After an ischemic stroke, some people are back on their feet within months, while others face lasting disability. Families and doctors want to know early on who is likely to recover and who may need more support. This study explores whether modern computer methods, combined with detailed blood tests, can forecast how well working‑age stroke patients will function three months after their stroke—and which pieces of information matter most for those predictions.

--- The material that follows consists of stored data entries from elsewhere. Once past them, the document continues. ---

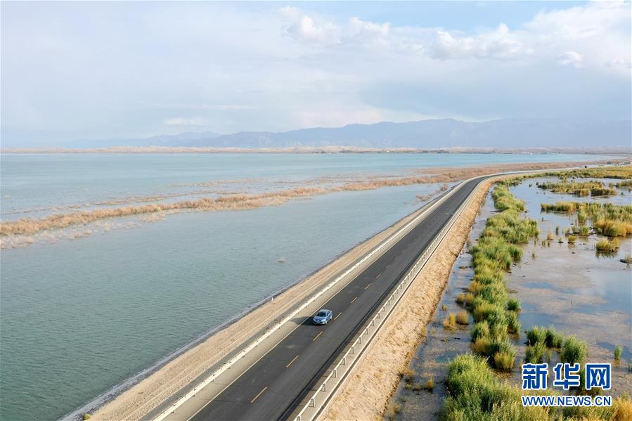 這是新疆博斯騰湖河堤公路(10月12日無人機(jī)拍攝)。入秋以來,新疆博斯騰湖碧波蕩漾,美景如畫,吸引各地游客前來游玩。新華社記者丁磊 攝
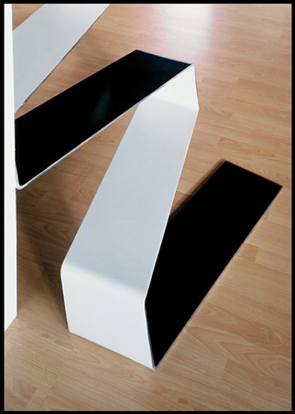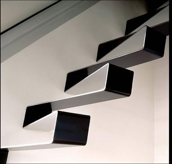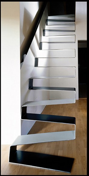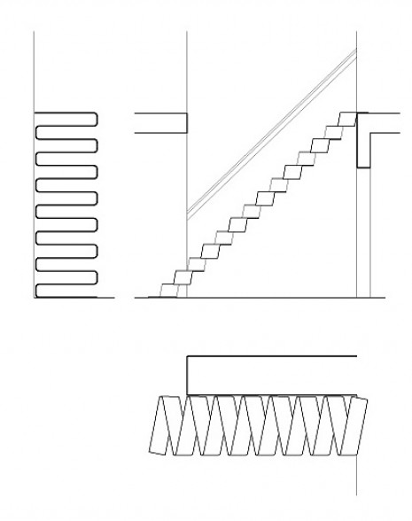一個(gè)巧妙的波紋帶被用作房子里的樓梯。樓梯使用10毫米厚的薄板來建造。毗鄰成對的踏步與外部的斜方桁架組成一個(gè)支架固定在墻上。較高的踏步承受主要的負(fù)荷,低處的踏步則承受較低的負(fù)荷。
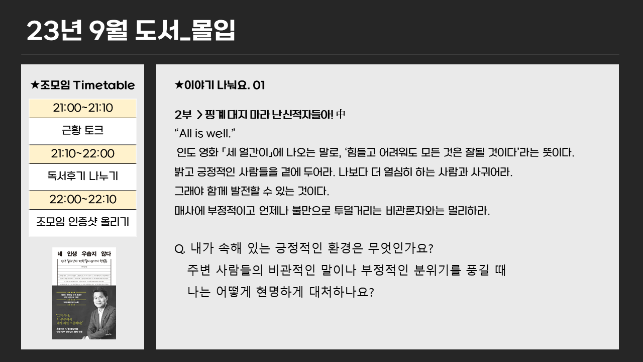 최근 XX 재수강하면서 나 자신을 혼내기 위해 운영진을 신청했다고 XX학교 선배에게 이야기하니, 되기 쉽지 않겠지만 나보다 너 나은 사람들이 있는 환경에 나를 밀어넣으라는 조언을 얻었다. 물론 나는 떨어졌지만! 지난 추석, 연휴를 보내면서 스스로가 너무 나태해진 것을 느끼고 실준 재수강을 하고 있는데, 앞마당 5-6개를 만든 시점에서 기본기를 재점검하고 초심을 잡을 수 있었던 좋은 기회였다고 생각한다. 사실 투자 공부를 하면서 같은 목표를 향해 달려가는 사람들이 아닌 다른 부류와 투자에 대해서 이야기를 할 때 서로에 대해서 비난하는 모습이 보이고, 이따금 본인의 부를 자랑하기에 바쁜 사람들을 종종 만나게 된다. 그럴 때면 예전에는 '왜 저러지, 대화 하기 싫다.' 라는 생각에 휩싸였는데 최근에는 부정적인 말들을 하는 사람들(감정 쓰레기통)은 다음 만남 때 약속을 잡지 않게 되고, 일상속에서 부를 과시하는 사람들에 대해서는 '오 그렇군요, 멋지시네요. 엄지척' 을 날리면 스스로 스트레스를 덜 받게 되는 것 같다. (대화의 취사 선택)이런 식으로 최근에는 나와는 반대생각을 하는 또는 비관적인 말을하는 사람들은 대처하는 성숙한 방법을 취하고 있다.
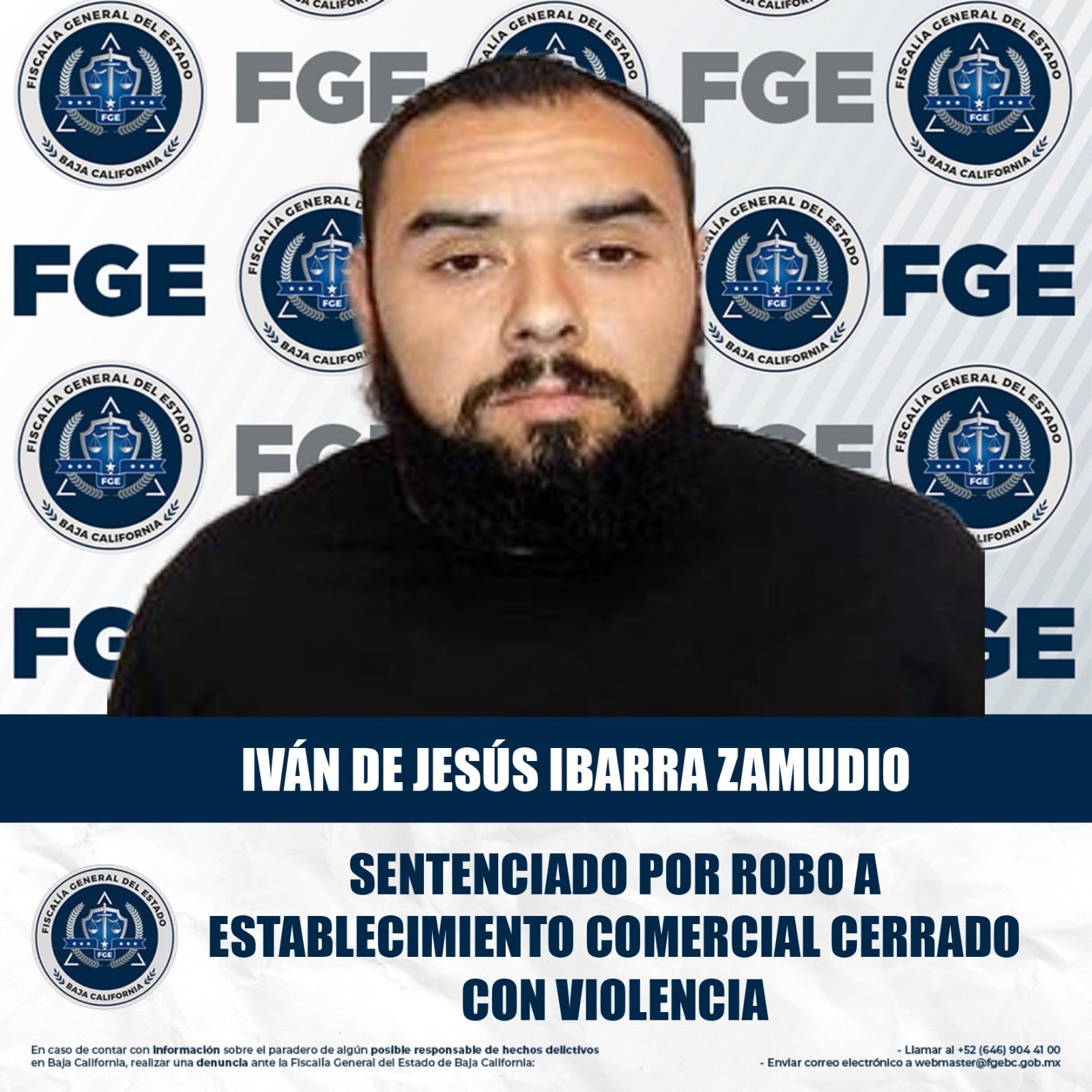 MEXICALI, BAJA CALIFORNIA. - La Fiscalía Regional de Mexicali, a través de la Unidad de Investigación de Delitos de Robo Oriente, logro sentencia condenatoria en contra de Iván de Jesús Ibarra Zamudio por el delito de robo a establecimiento comercial cerrado con violencia.
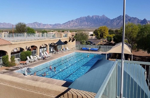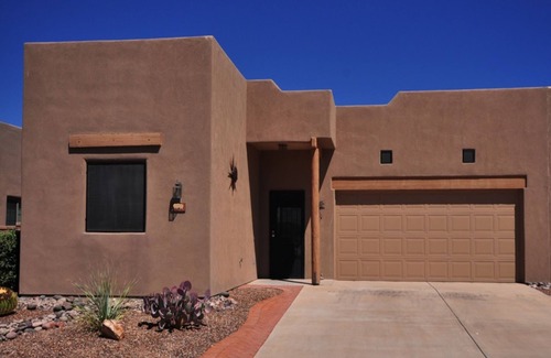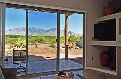 Unobstructed panoramic views of the majestic Santa Rita Mountains from sunrise to sunset! Located on the 14th fairway of Torres Blanca’s Golf Course. Gated 55+ community with optional access to Recreation Center. (covid/state rules apply at rental time)
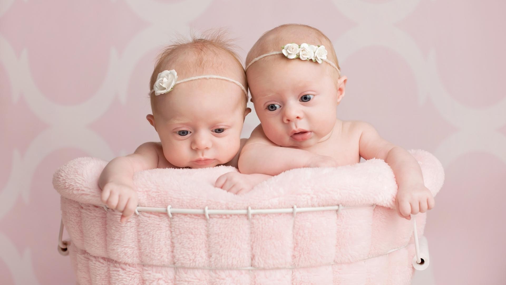» Wallpaper Two baby twin girls in the basket
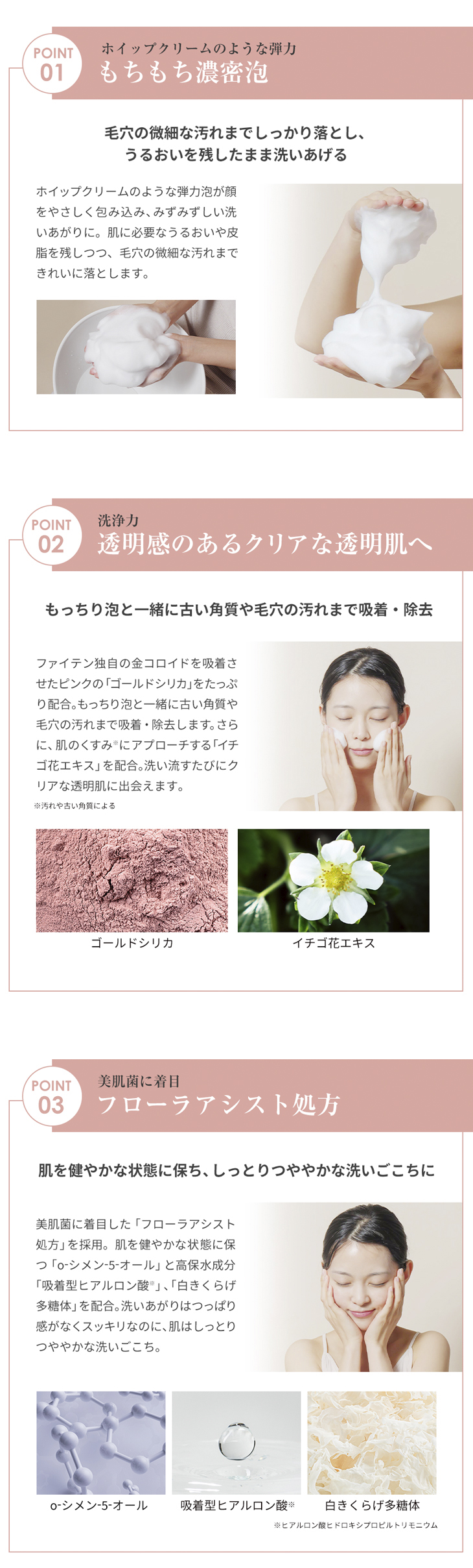 | 手のひらに適量(約2cm)をとり、水またはぬるま湯で泡立てます。顔全体を包み込むように洗った後、ていねいに洗い流してください。 |
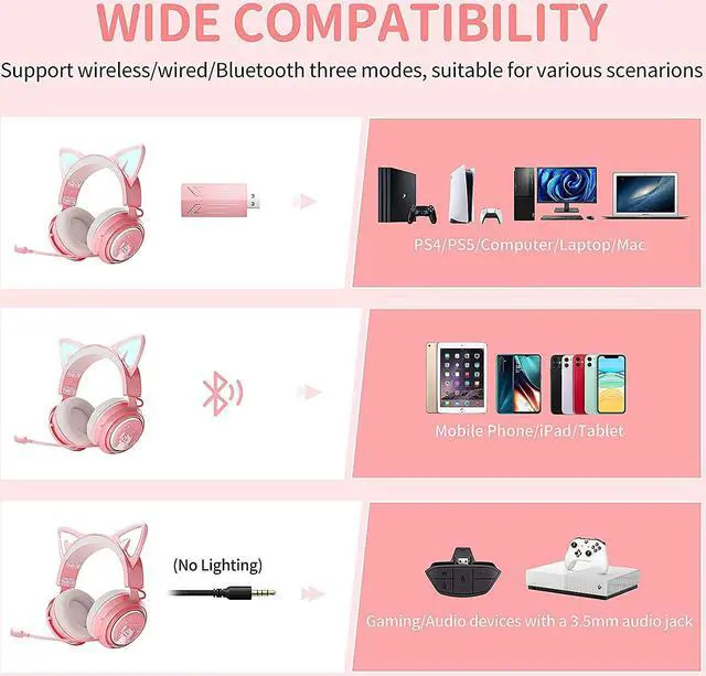 Dual-wireless Technology - Our cat ear headset offers versatile compatibility. Connect effortlessly using the 2.4GHz wireless USB dongle, ensuring a stable and lag-free connection for PS4, PS5, laptops, and PCs. Enjoy the convenience of Bluetooth functionality for calls, music, and gaming on the go. For added flexibility, we include a detachable 3.5mm auxiliary cable, allowing support for all gaming platforms.
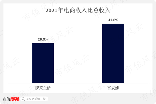 倘若把富安娜的线上销售和当今家纺行业的老大罗莱生活(002293.SZ)进行比较,则会发现双方的收入结构存在明显差异,富安娜的电商收入占比明显高于罗莱生活。

Taking a closer look at younger stroke patients

The researchers drew on a long‑running Swedish study that followed 600 adults who had a first ischemic stroke between ages 18 and 69, before today’s clot‑busting treatments were routine. From this group, 506 patients had complete data and no early repeat stroke. Doctors recorded standard clinical information—such as age, stroke severity, and medical history—and collected blood samples a few days after the stroke. In those samples, they measured not only routine lab values but also a wide panel of proteins linked to blood clotting, inflammation, immune activity, and brain injury. Three months later, neurologists rated each person’s ability to function in daily life using a standard stroke scale, then grouped them as having either a favorable or unfavorable outcome.

Figure 1
Figure 1.

Teaching computers to spot recovery patterns

To see how well different computer models could predict outcome, the team compared four approaches: two forms of regularized logistic regression (a traditional statistical workhorse), an ensemble of decision trees called XGBoost, and a multilayer perceptron, a simple type of neural network. Before training these models, they carefully handled missing data, standardized all measurements, and used a feature‑selection method (Boruta) to focus on the most informative variables. They then evaluated performance with repeated cross‑validation, repeatedly training the models on most of the data and testing them on the remaining part. All four methods reached very similar and high accuracy, with measures of performance indicating that they could reliably distinguish between patients who would do well and those who would not.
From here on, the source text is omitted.